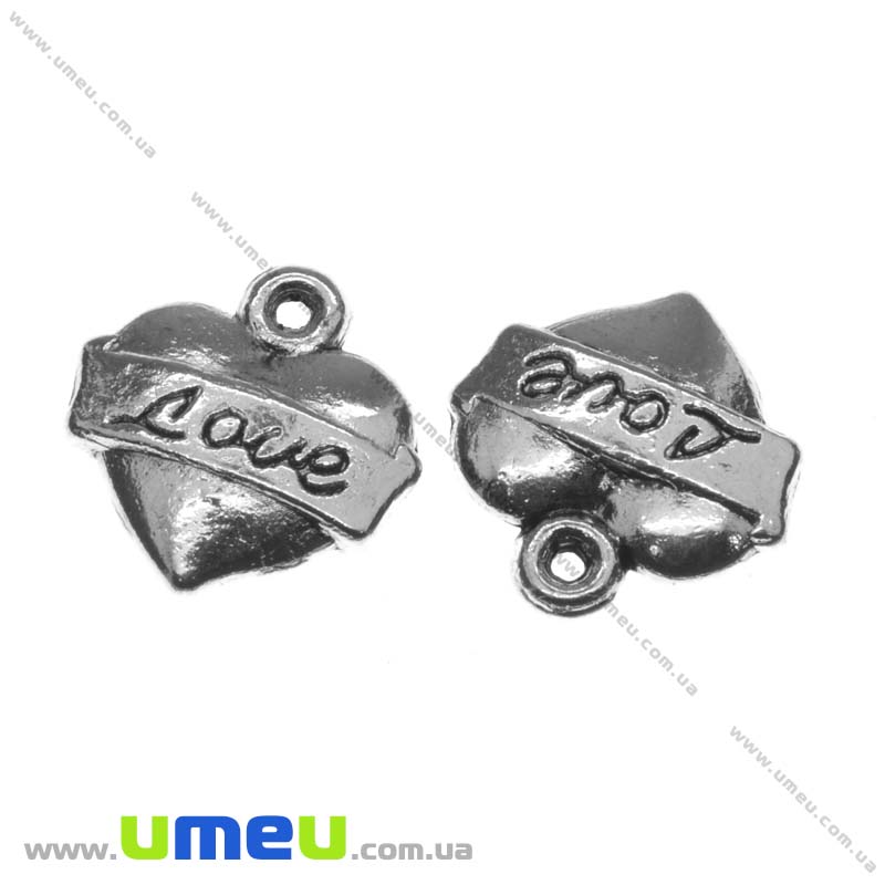 Подвеска метал. Сердце (двухстор.), 14х14 мм, Античное серебро (POD-004943) / 1 шт
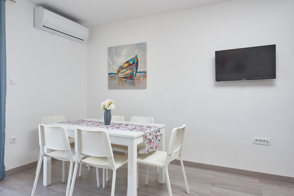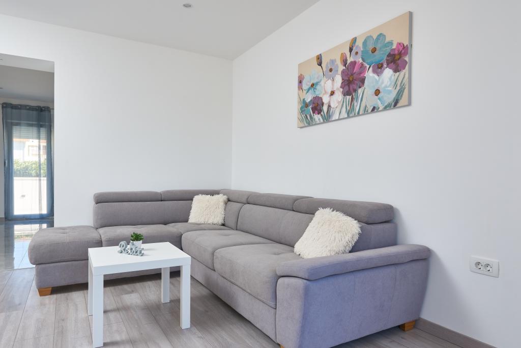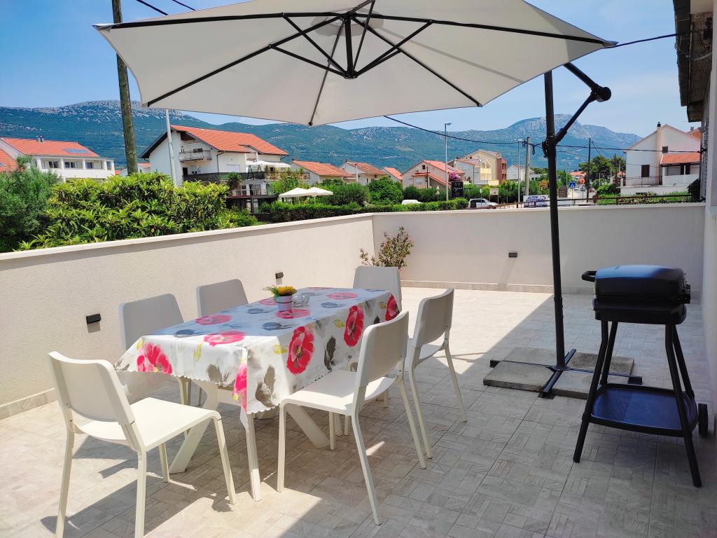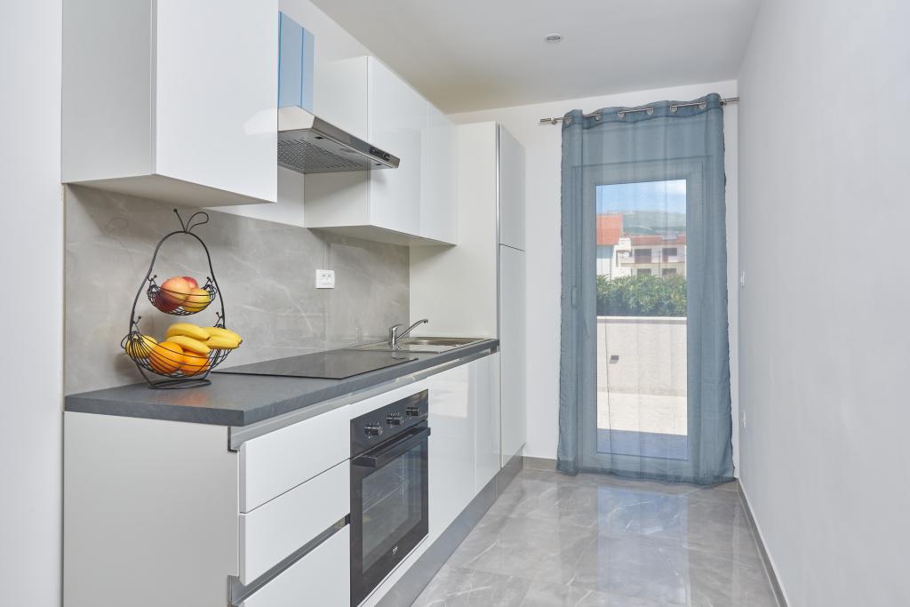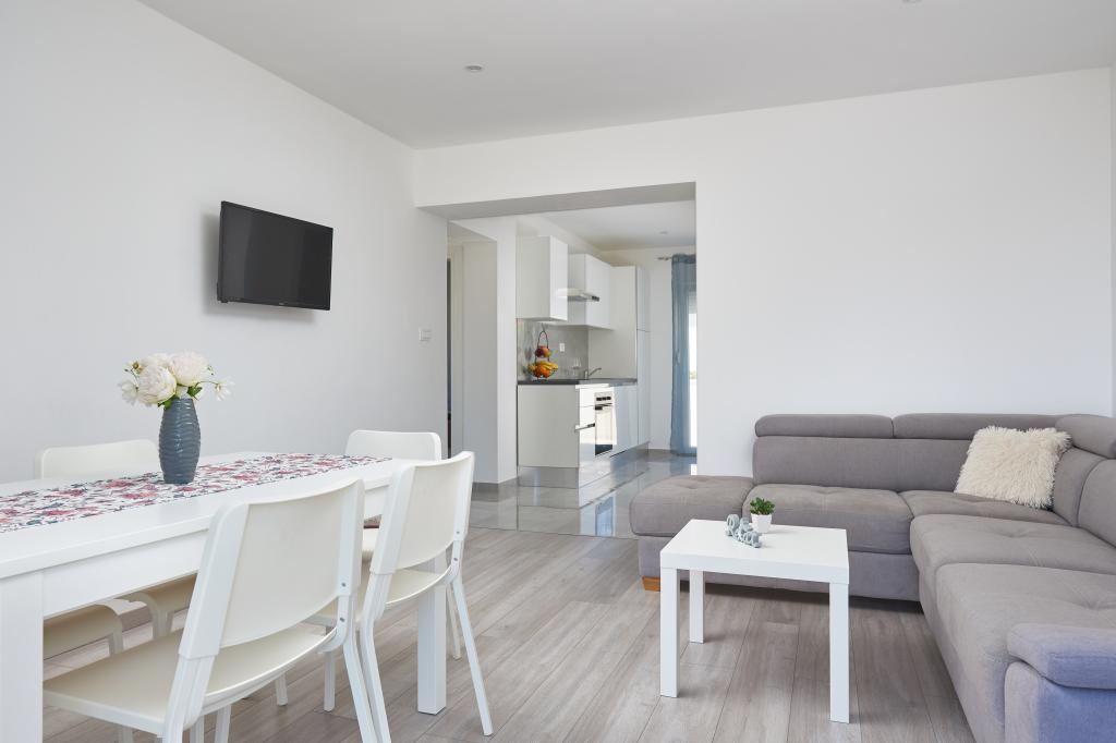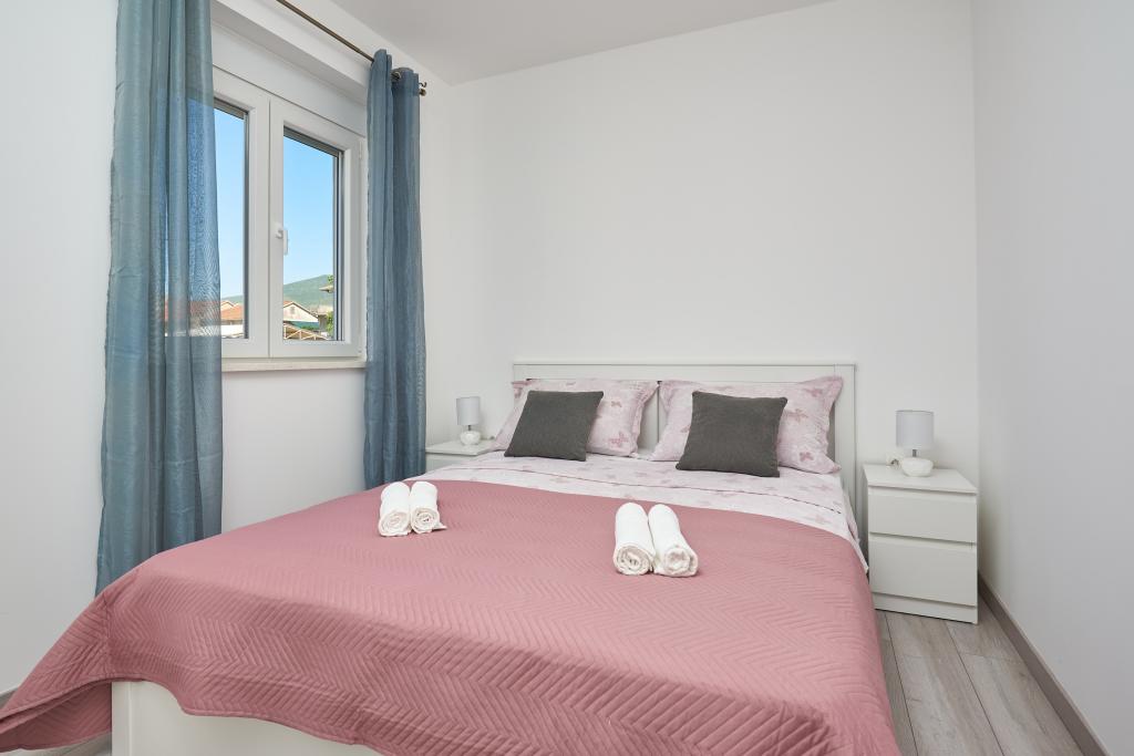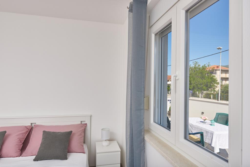 Frissen felújított lakás nagy terasszal és erkéllyel. Kaštel Štafilićben található, egy kicsi, csendes helyen, közel az UNESCO által védett Trogir és Split városokhoz. Ideális hely egy családi nyaraláshoz. Az apartmanban egy teljesen felszerelt konyha, egy nappali, három hálószoba franciaággyal és egy fürdőszoba található. A lakás légkondicionált, 4 parkolóhellyel, WiFi-vel, TV-vel és elektromos grillel rendelkezik. Kérésre babaülés és kiságy is rendelkezésre áll. A kávézóval, pizzériával és játszótérrel rendelkező strand 5 perces sétával elérhető. Az apartmantól 200 méteren belül üzletek, kávézók, étterem, hentes, halpiac, bankautomata, gyógyszertár található. A legközelebbi bevásárlóközpont 5 perces autóútra található.
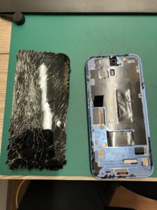 外した後は本体フレームに残っている細かいガラスを剥がします。
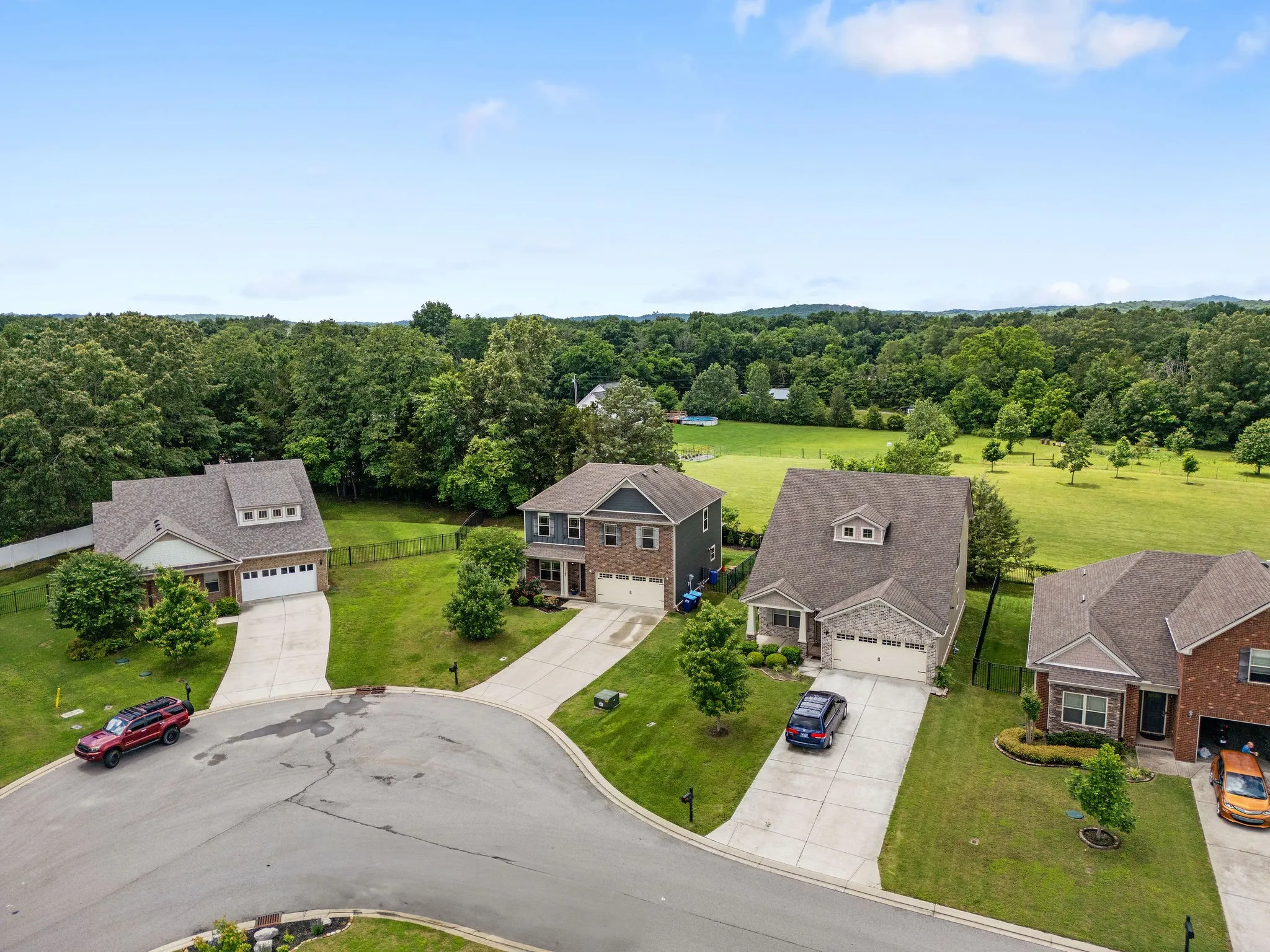 Welcome to this STUNNING 4 Bedroom, 2/1 Bath home in the great neighborhood of South Haven in Murfreesboro! Located at the end of a street on a cul-de-sac, enjoy endless privacy and peace. As you walk up to the home, you’ll notice the covered porch—perfect for sipping morning coffee and enjoying the serene neighborhood. Step through the front door and into a spacious living room with a ceiling fan that instantly makes you feel at home. Natural light pours in through plentiful windows, brightening every corner. French doors open into the dining area, which flows seamlessly into the kitchen. The GORGEOUS kitchen features dark wood cabinetry and fresh granite countertops – an entertainer’s dream! There’s even a window above the sink so you can take in peaceful backyard views while doing dishes. Downstairs also includes a laundry room for added convenience. Upstairs, you’ll find the oversized primary bedroom complete with ceiling fan and beautiful tray ceilings. The primary suite includes a HUGE walk-in closet and a luxurious bathroom with a giant soaking tub, separate shower, and dual sinks. The additional upstairs bedrooms are spacious and multifunctional – perfect as a bonus room, home gym, or office. Outside, enjoy a private covered back porch and a STUNNING tree-lined view. This home is complete with a 2-car garage, keeping you and your vehicles protected from the weather year-round. This community has it all – with a community pool and playground as well! Schedule a showing and make this one yours TODAY!
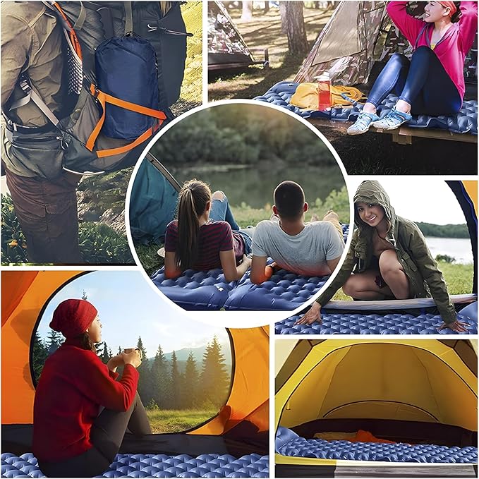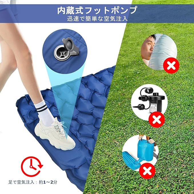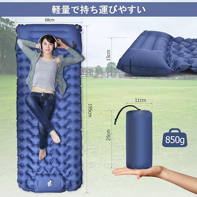 エアーマット キャンプ マット【2025NEW・足踏み式空気注入・厚さ10cm】無限接続可能 車中泊 防災 厚手 枕付き 超軽量 コンパクト 防水 寝袋 持ち運び便利 簡単収納 災害 登山 キャンプ用品 テント 収納袋付き 修復テープ 3付属 ブルーモデル | KAZESHOP

··········

**Exercise:**
All that is wanted is the lines above between the one containing "Frissen felújított lakás" and the one containing "外した後は本体フレームに残っている細かいガラスを剥がします。", inclusive, restated word for word, with pictures omitted.

**Result of this exercise:**
 Frissen felújított lakás nagy terasszal és erkéllyel. Kaštel Štafilićben található, egy kicsi, csendes helyen, közel az UNESCO által védett Trogir és Split városokhoz. Ideális hely egy családi nyaraláshoz. Az apartmanban egy teljesen felszerelt konyha, egy nappali, három hálószoba franciaággyal és egy fürdőszoba található. A lakás légkondicionált, 4 parkolóhellyel, WiFi-vel, TV-vel és elektromos grillel rendelkezik. Kérésre babaülés és kiságy is rendelkezésre áll. A kávézóval, pizzériával és játszótérrel rendelkező strand 5 perces sétával elérhető. Az apartmantól 200 méteren belül üzletek, kávézók, étterem, hentes, halpiac, bankautomata, gyógyszertár található. A legközelebbi bevásárlóközpont 5 perces autóútra található.
 外した後は本体フレームに残っている細かいガラスを剥がします。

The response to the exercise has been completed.